## Raw data
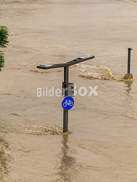 Beschreibung Hochwasser 2013. Linz, Österreich. Überflutung und Überschwemmung
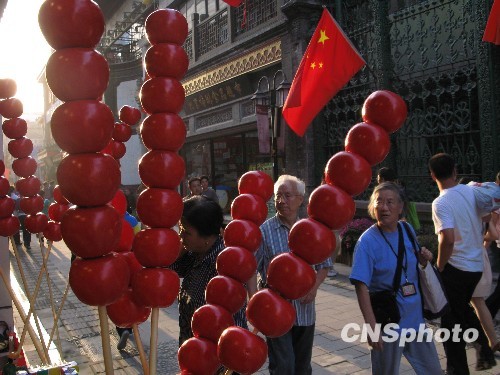 9月14日,北京大栅栏商业街道为建国六十周年大庆和中秋佳节进行街景布置,营造节日喜庆的气氛。中新社发 邹宪 摄
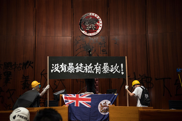 Les manifestants ont déployé un drapeau aux couleurs britanniques à la tribune du Conseil législatif (LegCo), le parlement local, où ils étaient entrés par dizaines, casqués et masqués, après avoir brisé à l’aide de barres de fer et d’autres instruments de fortune des baies vitrées blindées.

## Brief
Locate the line containing "9月14日,北京大栅栏商业街道为建国六十周年大庆和中秋佳节进行街景布置,营造节日喜庆的气氛。中新社发 邹宪 摄" in the material above, then repeat it and every later line exactly, with no pictures.

## Finished task
 9月14日,北京大栅栏商业街道为建国六十周年大庆和中秋佳节进行街景布置,营造节日喜庆的气氛。中新社发 邹宪 摄
 Les manifestants ont déployé un drapeau aux couleurs britanniques à la tribune du Conseil législatif (LegCo), le parlement local, où ils étaient entrés par dizaines, casqués et masqués, après avoir brisé à l’aide de barres de fer et d’autres instruments de fortune des baies vitrées blindées.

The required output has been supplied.